To expand \( (3+x)^{1/2} \) using the binomial theorem for rational indices, we must ensure the term in the expansion is less than 1. Given \( |x|>3 \), we have \( |\frac{3}{x}|<1 \). Therefore, we should factor out \( x \) from the binomial term.
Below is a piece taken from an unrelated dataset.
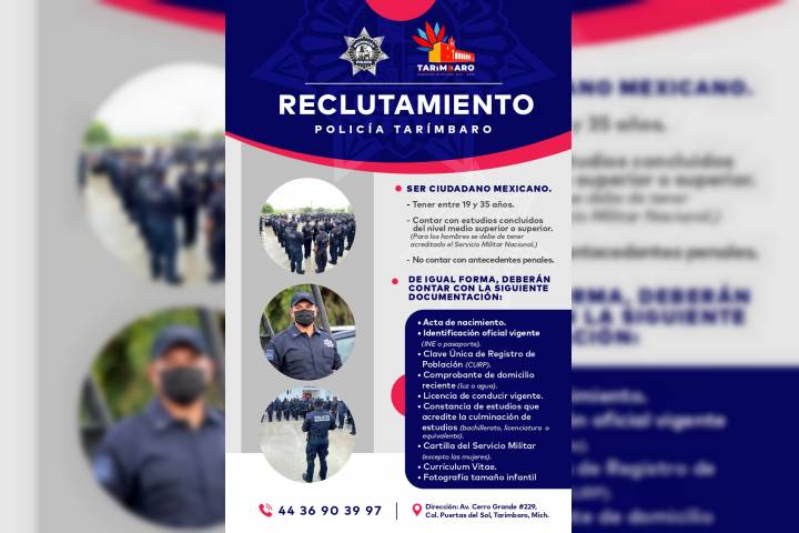 Con el objetivo de fortalecer la fuerza policial en Tarímbaro, la Secretaría de Seguridad Pública (SSP) convoca a hombres y mujeres con vocación de servicio, honestidad y respeto a formar parte de la Policía Municipal de Tarímbaro. Las y los interesados que deseen unirse a las filas de la Policía Municipal deberán cumplir con los siguientes requisitos: ? Ser ciudadano mexicano ? Tener entre 19 y 35 años ? Contar con estu...
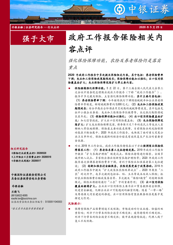 【中银证券】【20200525】政府工作报告保险相关内容点评:强化保险保障功能,农险及养老保险仍是落实重点-5页

Step 2: Detailed Explanation:

Rewrite the expression: \[ E = x^{3/2} (x + 3)^{1/2} = x^{3/2} \left[ x \left( 1 + \frac{3}{x} \right) \right]^{1/2} \] \[ E = x^{3/2} \cdot x^{1/2} \left( 1 + \frac{3}{x} \right)^{1/2} = x^2 \left( 1 + \frac{3}{x} \right)^{1/2} \] We need the coefficient of \( \frac{1}{x^n} \), i.e., \( x^{-n} \). Let the general term in the binomial expansion of \( (1 + y)^m \) be \( T_{r+1} \). \[ T_{r+1} = \frac{m(m-1)\dots(m-r+1)}{r!} y^r \] Here \( m = 1/2 \) and \( y = 3/x \). The term in the full expression is: \[ x^2 \cdot T_{r+1} = x^2 \cdot \binom{1/2}{r} \left( \frac{3}{x} \right)^r = \binom{1/2}{r} 3^r x^{2-r} \] We want the power of \( x \) to be \( -n \): \[ 2 - r = -n \implies r = n + 2 \] Now, calculate the coefficient \( \binom{1/2}{r} \) for \( r = n+2 \): \[ \binom{1/2}{r} = \frac{\frac{1}{2}(\frac{1}{2}-1)(\frac{1}{2}-2)\dots(\frac{1}{2}-r+1)}{r!} \] \[ = \frac{\frac{1}{2}(-\frac{1}{2})(-\frac{3}{2})\dots(-\frac{2r-3}{2})}{r!} \] The numerator has \( r \) terms. The first term is positive, and the remaining \( r-1 \) terms are negative. So the sign is \( (-1)^{r-1} \). \[ \binom{1/2}{r} = \frac{(-1)^{r-1} \cdot 1 \cdot 1 \cdot 3 \cdot 5 \dots (2r-3)}{2^r r!} \] Substituting \( r = n+2 \): \[ \text{Coeff} = \left[ \frac{(-1)^{n+1} \cdot 1 \cdot 3 \cdot 5 \dots (2(n+2)-3)}{2^{n+2} (n+2)!} \right] \cdot 3^{n+2} \] The last factor in the numerator product is \( 2n+4-3 = 2n+1 \). \[ \text{Coeff} = (-1)^{n+1} \frac{1 \cdot 3 \cdot 5 \dots (2n+1)}{2^{n+2} (n+2)!} 3^{n+2} \]
Step 4: Final Answer:

The correct option matches this expression.